What to do: Copy exactly the lines from the one containing "Tous les regards" through the last line of the records below, both included, and leave out the pictures.
** Opening Exercise material block **
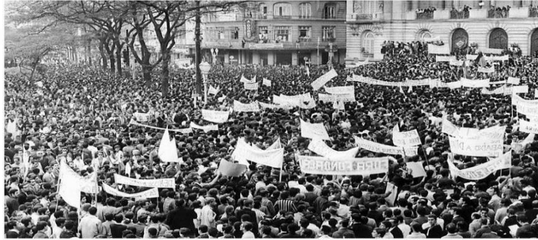
A "Passeata dos Cem Mil", manifestação organizada no Rio de Janeiro pela UNE, em 26 de junho de 1968, contra o governo militar

Dilma - A gente tinha que fazer uma moldura e só se lembrar da moldura, da história que se inventava, e não sabia disso. Tinha que ter uma história. Na relação do torturador com o torturado a única coisa que não pode acontecer é você falar "não falo". Se você falar "não falo", dali a cinco minutos você pode ser obrigado a falar, porque eles sabem que você tem algo a dizer. Se você falar "não falo", você diz pra eles o seguinte: "Eu sei o que você quer saber e
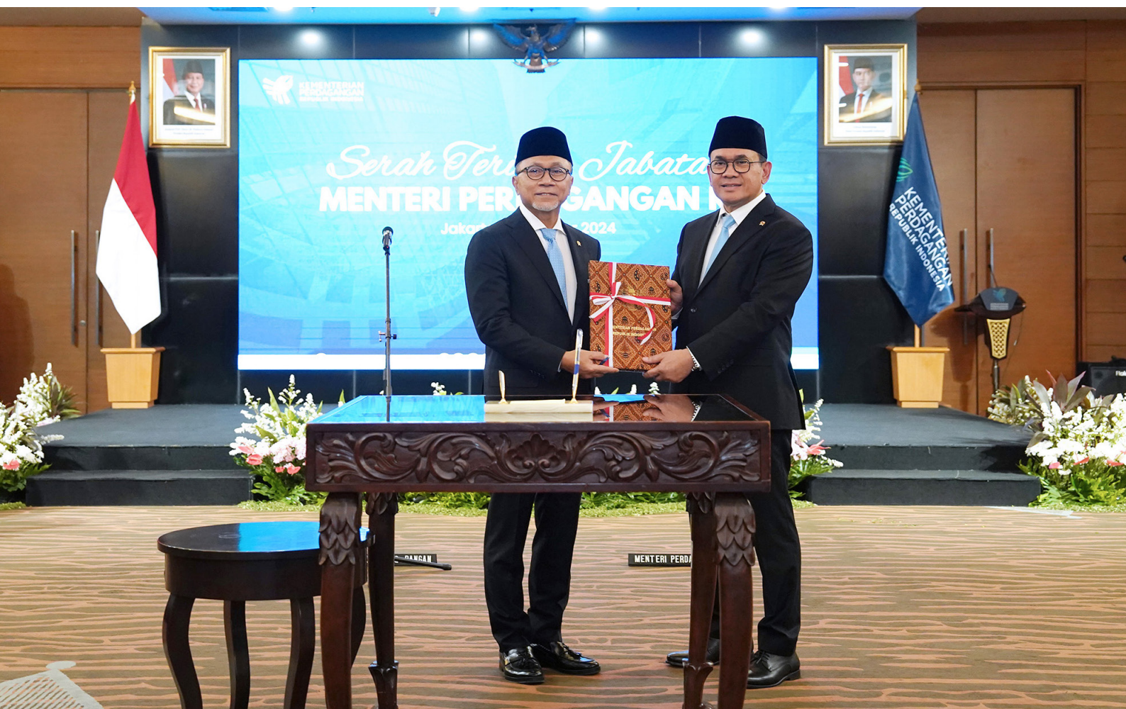
Serah Terima Jabatan Menteri Perdagangan.

Mendag Budi juga menyampaikan apresiasi kepada Menteri Koordinator Bidang Pangan, Zulkifli Hasan atas capaian Kementerian Perdagangan pada masa kepemimpinannya periode 2022-2024, serta atas arahan dan bimbingannya.
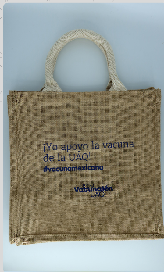
Bolsa Yute Texto
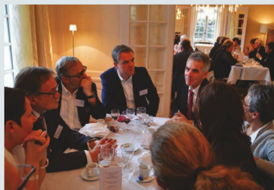
Tous les regards se tournent vers le Consul pour recueillir ses impressions

Voulez-vous vous joindre à nous ? T / 06 80 32 12 01 ou claudemuller38@orange.fr
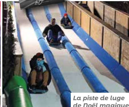
La piste de luge de Noël magique
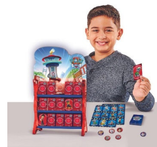
Die XXL PAW Patrol HQ Spielesammlung!

Die wollen doch nur spielen! Die Hundehelden der PAW Patrol laden mit der umfangreichen Spielesammlung von Spin Master Games ab Herbst zum lustigen Spielenachmittag ein! Acht beliebte Klassiker im Original PAW Patrol Design unterhalten kleine Fans der Fellfreunde, wenn der Fernseher oder das Tablet einmal aus bleiben sollen. Mit den abwechslungsreichen Karten-, Memo-
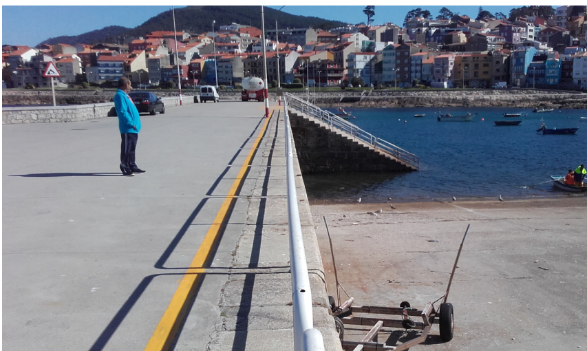
Muelle utilizado para suministro de combustible desde camión cisterna
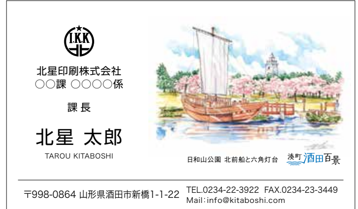
日和山公園 北前船と六角灯台
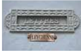
la boîte aux lettres poštansko sanduče
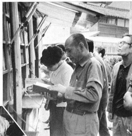
▲ いずみ号がフタをあけると書架には本がいっぱい。どれにしようかなー。 (田浦町にて)
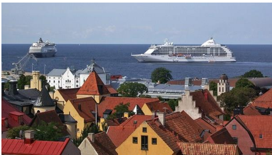
Tidigare har kryssningsfartygen varit tvungna att stanna på redden och kryssningsturismen har därför minskat.

Tidigare har kryssningsfartygen ankrat upp på redden och mindre båtar har transporterat gästerna mellan fartyg och land. Genom att passagerarna med den nya kryssningskajen själva kan gå av fartyget kan vistelsetiden öka till mellan sex och tio timmar. Det innebär också att kryssningsgäster i högre grad kan välja sina egna utflykter på ön.
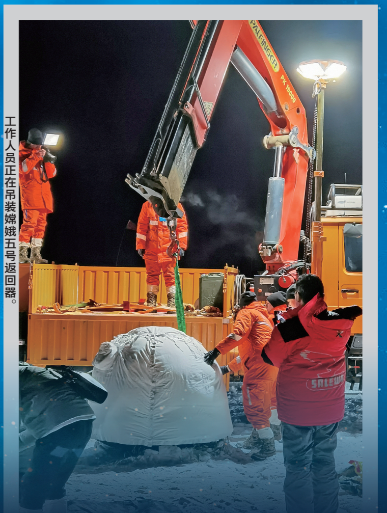
工作人员正在吊装嫦娥五号返回器。

“嫦娥奔月”梦想成真,中国航天未来可期。在星辰大海的征程中,我们必将创造更多奇迹!
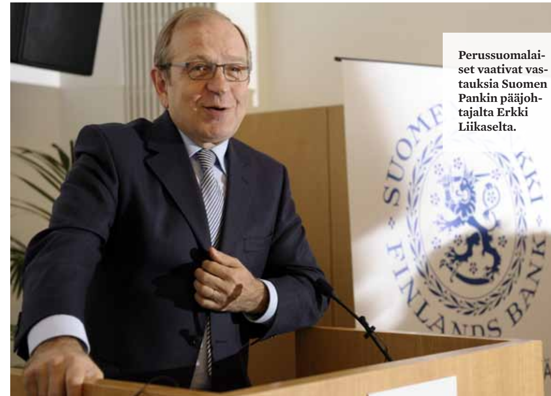
Perussuomalaiset vaativat vastauksia Suomen Pankin pääjohtajalta Erkki Liikelta.

sia sopimuksia esimerkiksi eurokiirsin hoidon tulevaisuuden askelmerkeistä, Saarakkala täsmentää. Hänen mukaansa olisi tarkoituksenmukaista, että kokoukseen osallistuvan valtioneuvoston edustaja esittäisi eduskunnassa selvityksen seminaarin sisällöstä että tehdyistä poliittisista päätöksistä. Saarakkala on tehnyt asiasta kirjallisen kysymyksen.
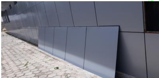
Gambar Terlihat penggunaan sealent tidak pada tempatnya
** Closing Exercise material block **
Solution to the problem:
Tous les regards se tournent vers le Consul pour recueillir ses impressions

Voulez-vous vous joindre à nous ? T / 06 80 32 12 01 ou claudemuller38@orange.fr
La piste de luge de Noël magique
Die XXL PAW Patrol HQ Spielesammlung!

Die wollen doch nur spielen! Die Hundehelden der PAW Patrol laden mit der umfangreichen Spielesammlung von Spin Master Games ab Herbst zum lustigen Spielenachmittag ein! Acht beliebte Klassiker im Original PAW Patrol Design unterhalten kleine Fans der Fellfreunde, wenn der Fernseher oder das Tablet einmal aus bleiben sollen. Mit den abwechslungsreichen Karten-, Memo-
Muelle utilizado para suministro de combustible desde camión cisterna
日和山公園 北前船と六角灯台
la boîte aux lettres poštansko sanduče
▲ いずみ号がフタをあけると書架には本がいっぱい。どれにしようかなー。 (田浦町にて)
Tidigare har kryssningsfartygen varit tvungna att stanna på redden och kryssningsturismen har därför minskat.

Tidigare har kryssningsfartygen ankrat upp på redden och mindre båtar har transporterat gästerna mellan fartyg och land. Genom att passagerarna med den nya kryssningskajen själva kan gå av fartyget kan vistelsetiden öka till mellan sex och tio timmar. Det innebär också att kryssningsgäster i högre grad kan välja sina egna utflykter på ön.
工作人员正在吊装嫦娥五号返回器。

“嫦娥奔月”梦想成真,中国航天未来可期。在星辰大海的征程中,我们必将创造更多奇迹!
Perussuomalaiset vaativat vastauksia Suomen Pankin pääjohtajalta Erkki Liikelta.

sia sopimuksia esimerkiksi eurokiirsin hoidon tulevaisuuden askelmerkeistä, Saarakkala täsmentää. Hänen mukaansa olisi tarkoituksenmukaista, että kokoukseen osallistuvan valtioneuvoston edustaja esittäisi eduskunnassa selvityksen seminaarin sisällöstä että tehdyistä poliittisista päätöksistä. Saarakkala on tehnyt asiasta kirjallisen kysymyksen.
Gambar Terlihat penggunaan sealent tidak pada tempatnya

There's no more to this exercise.